Plaintiffs opposed Del Monte’s motion by arguing Privette may be overcome by relevant OSHA rules and precedents that “preclude delegation of a tort law duty that the hirer owes” to employees of independent contractors. They argued Del Monte had a duty to develop safety and maintenance procedures and to instruct outside contractors about them. They said there were triable issues of fact about whether Del Monte “negligently exercised retained control” over Rafferty’s work in a manner that affirmatively contributed to his death.” Del Monte countered with arguments that said all required safety procedures could be delegated to J.M. The trial court agreed with Del Monte and granted summary judgment because it “found there was no evidence Del Monte exercised control over the work in a way that affirmatively contributed to Rafferty’s death.”
DeSantos’s opinion said that over time Privette “has been recast” to “apply where delegation is
either ineffective or incomplete.” He agreed with plaintiffs’ contention that they did raise a “triable issue of fact as to whether no delegable duty exception to Privette doctrine applies.” He then cited the law that is used to determine whether a duty is nondelegable.
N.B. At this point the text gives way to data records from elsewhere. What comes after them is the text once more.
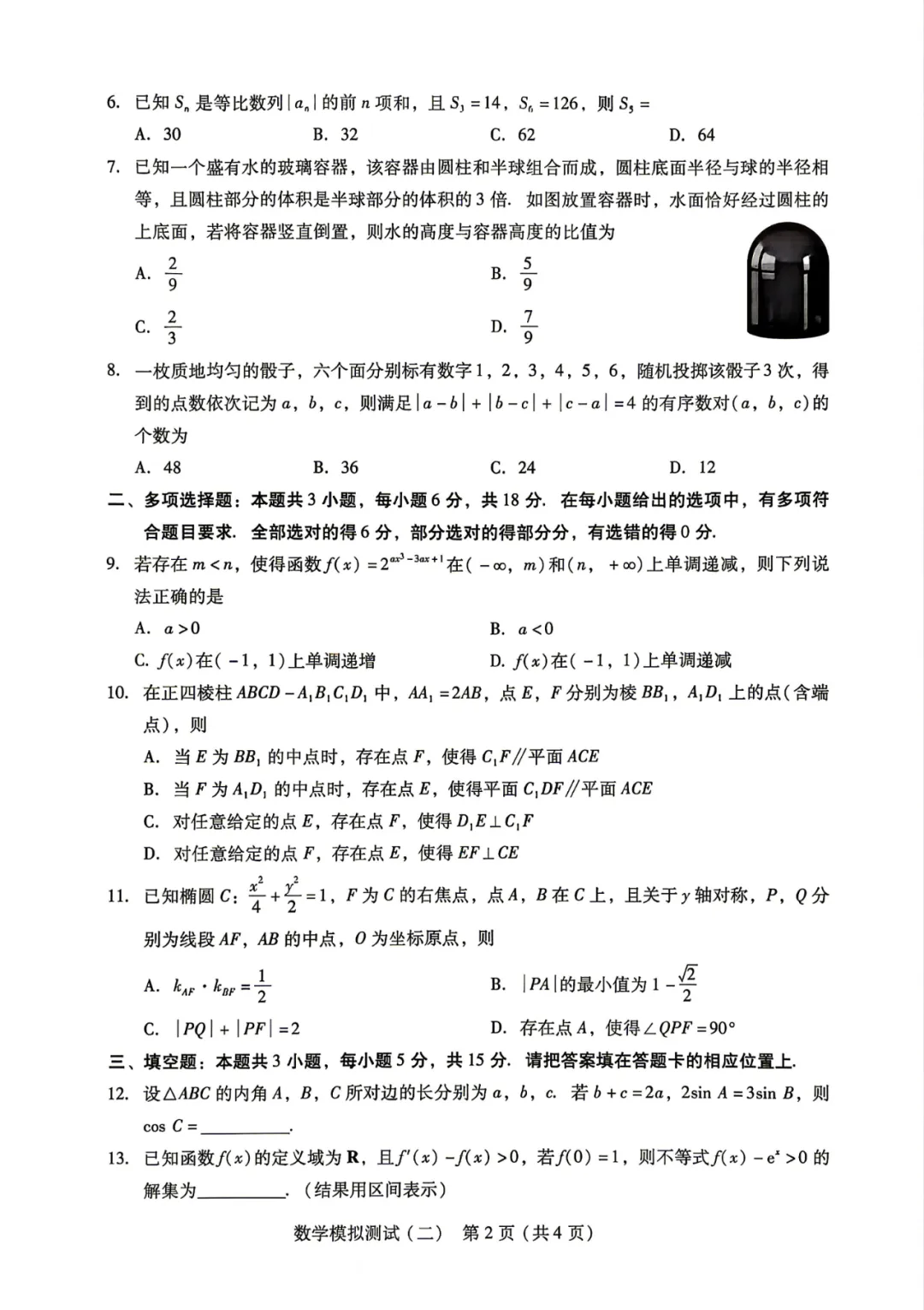 今天给大家带来的是广东二模的数学试卷,这张试卷质量还是很不错的,很一些题目是由竞赛/高考题改编而来的。接下来,笔者就分析一下单选压轴,多选压轴,还有填空压轴题。
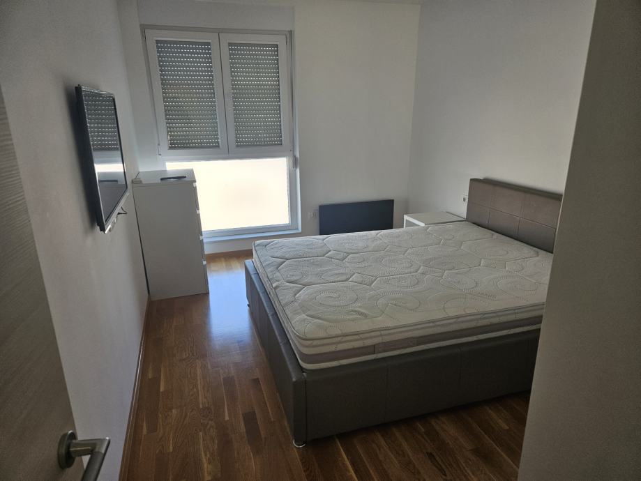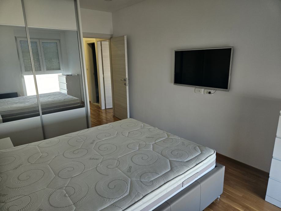 Novouređen je i kompletno opremljen (perilica i sušilica za rublje, perilica za posuđe, podno grijanje, klima...). Stan je orijentiran Jugo-Zapad i Sjevero-Istok, nalazi se na 5. katu i zgrada ima ugrađen lift. Sastoji se od dvije velike spavaće sobe, jednog kupatila, jednog wc-a, kuhinje, blagovaonice i dnevnog boravka, te velike lođe.
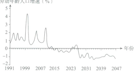 [河南信阳高级中学 2024 高一月考]人口机会窗口期是人口年龄结构有利于经济发展、劳动力供给充足、人口抚养负担相对较轻的一段时期。下图为我国 1991—2047 年劳动年龄人口增速变化图(含预测)。面对我国劳动年龄人口变化形势,较发达城市正在积极实施“积分入户”政策,“积分入户”指外来人口取得政策规定分值后即可申请落户,是迁入地促进外来人口融入的有效方式。据此完成下面小题。
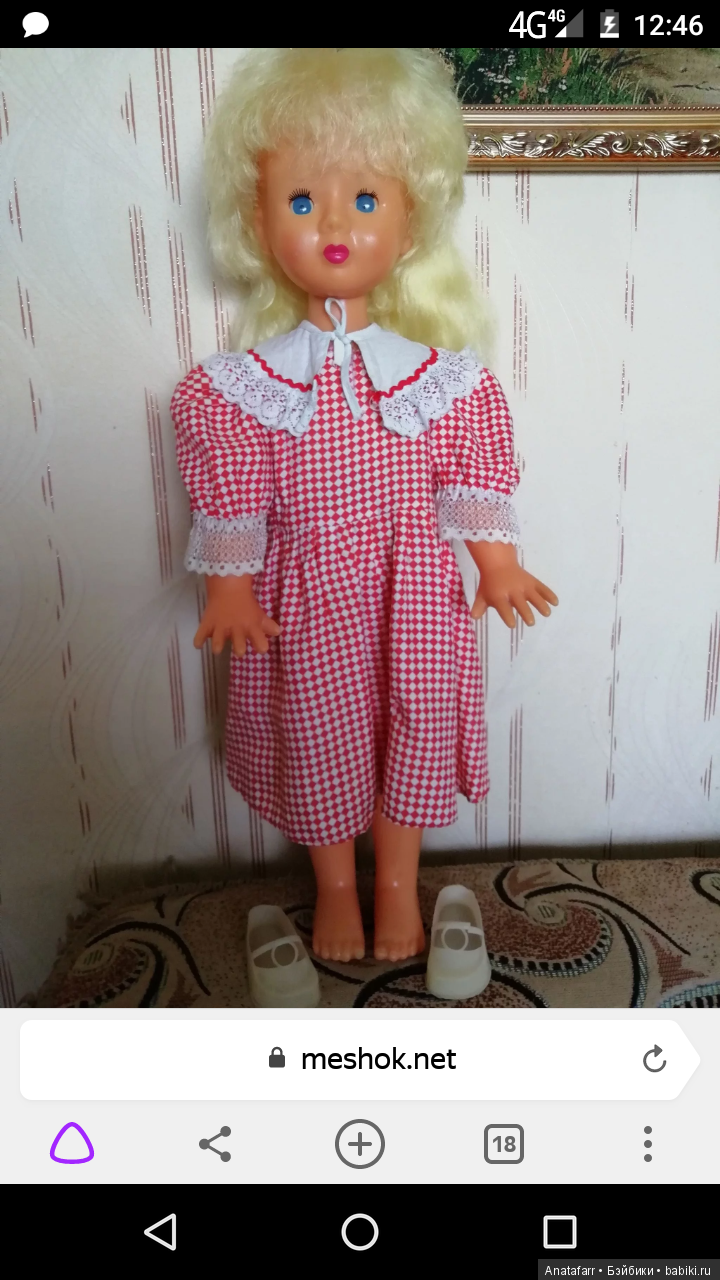 Дала себе слово приобретать только кукол в нормальном состоянии, чтобы и дети мои могли в них поиграть. Жду прибытия четырёх разных куколок, одна даже в родном (впрочем, Маша-Нина тоже приехала в родной одежде-обуви) сарафане и кокошнике. А потом я увидела её — полулысую
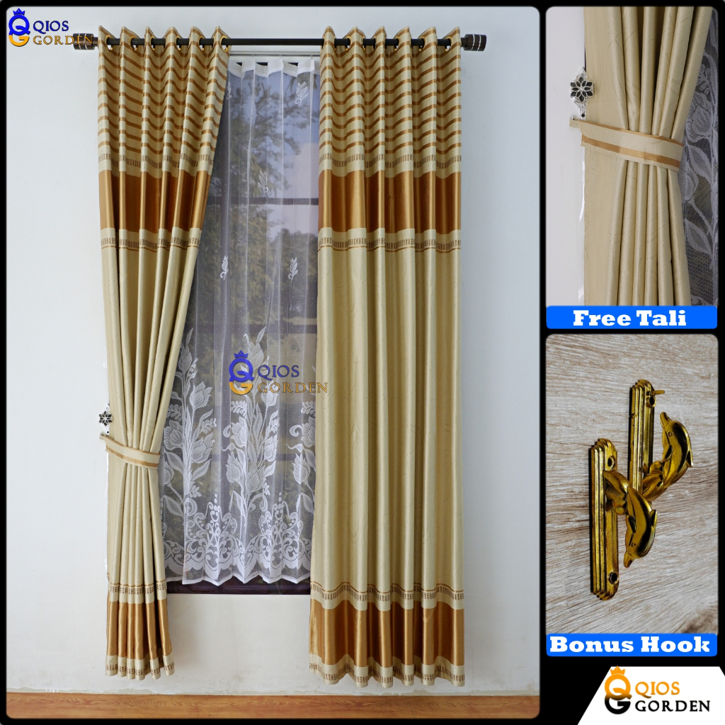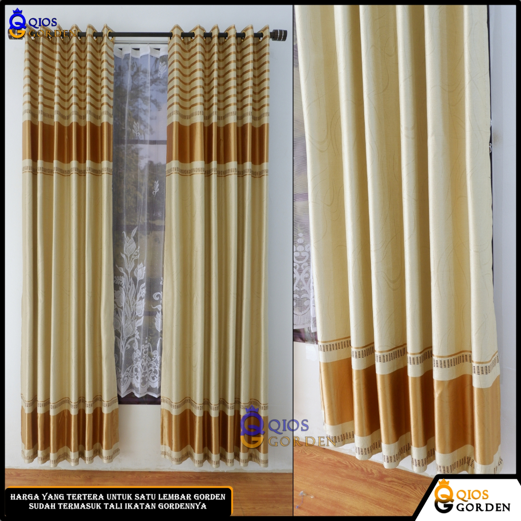 Gorden Jendela Blackout Motif Flat Garis Kesan Premium Dan mewah Model Smokering 110x230
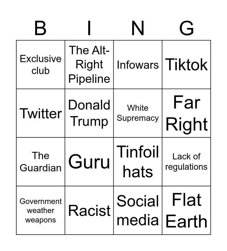 This bingo card has 32 words: CPR, Homophobic, Lack of regulations, Repellent ideas, Flat Earth, White Supremacy, Twitter, Andrew Tate, The Alt-Right Pipeline, Gay frogs, Far Right, Infowars, Antivaxxers, Teenage Boys, Racist, Hate and prejudice, Fake Moon Landing, Tinfoil hats, Misogyny, Community, Human trafficking, Mass shootings, Social media, Youtube, Government weather weapons, Tiktok, The Guardian, Donald Trump, Exclusive club, Ben Shapiro, Insecure Boys and Guru.

Under precedent, “the test is whether relevant statutes or regulations indicate an intent to limit the application of Privette…or preceded delegation of the tort law duty, if any, that the hirer owed to the contractor’s employees.”
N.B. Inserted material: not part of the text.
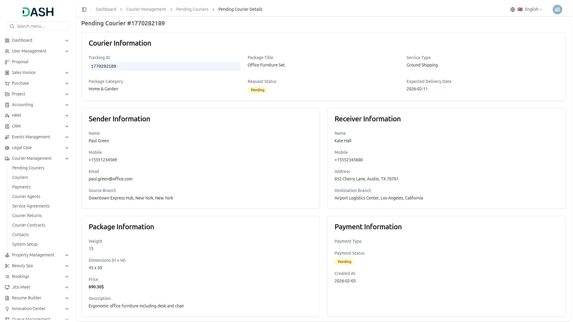 - Process payments with automatic linking to courier packages
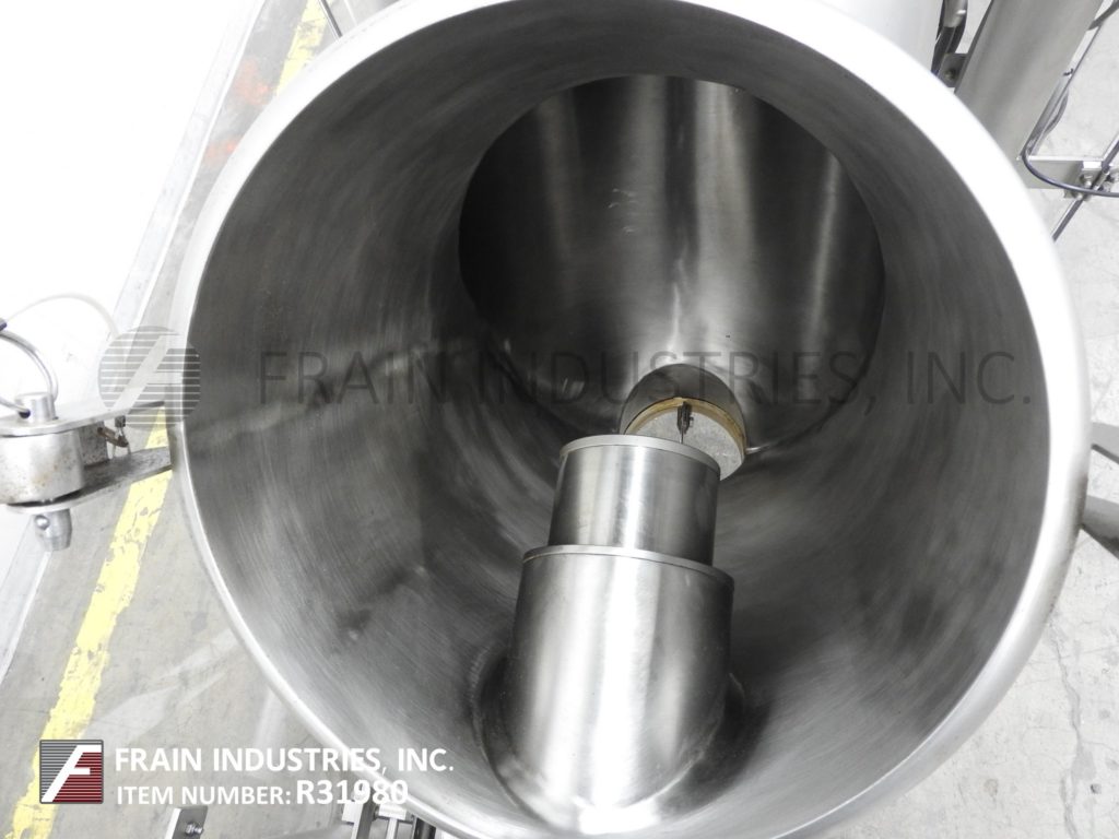 10英尺³,304不锈钢,双壳搅拌机。产品密度:高达55磅/英尺³。配备两个18英寸直径的入口,环氧树脂涂层内部,混合棒,和一个8英寸直径的排放与蝶阀。安装在加长的基座上。

He then applied the test and found that Del Monte was required to develop its own HEC procedures for the dock levelers and to train its employees on that procedure. The opinion also explained the importance of the “affirmative contribution” test, by which plaintiff may prove that “the hirer actually exercised retained control in a way that affirmatively contributed” to injury or death. Plaintiffs argued the lack of HEC procedures and proper training in their use met the test.
DeSantos concluded that there are issues of material fact about whether Del Monte’s omission “more likely than not” would have allowed Rafferty to work safely under the dock leveler’s platform without being crushed.” But, Del Monte contends that none of that matters because Rafferty failed to sign in when he came to do the repairs. How were they supposed to know he was there and whether he was performing his work safely?
The appellate court concluded that a trial would be necessary to resolve all the disputes and plaintiffs were therefore “entitled to their day in court.”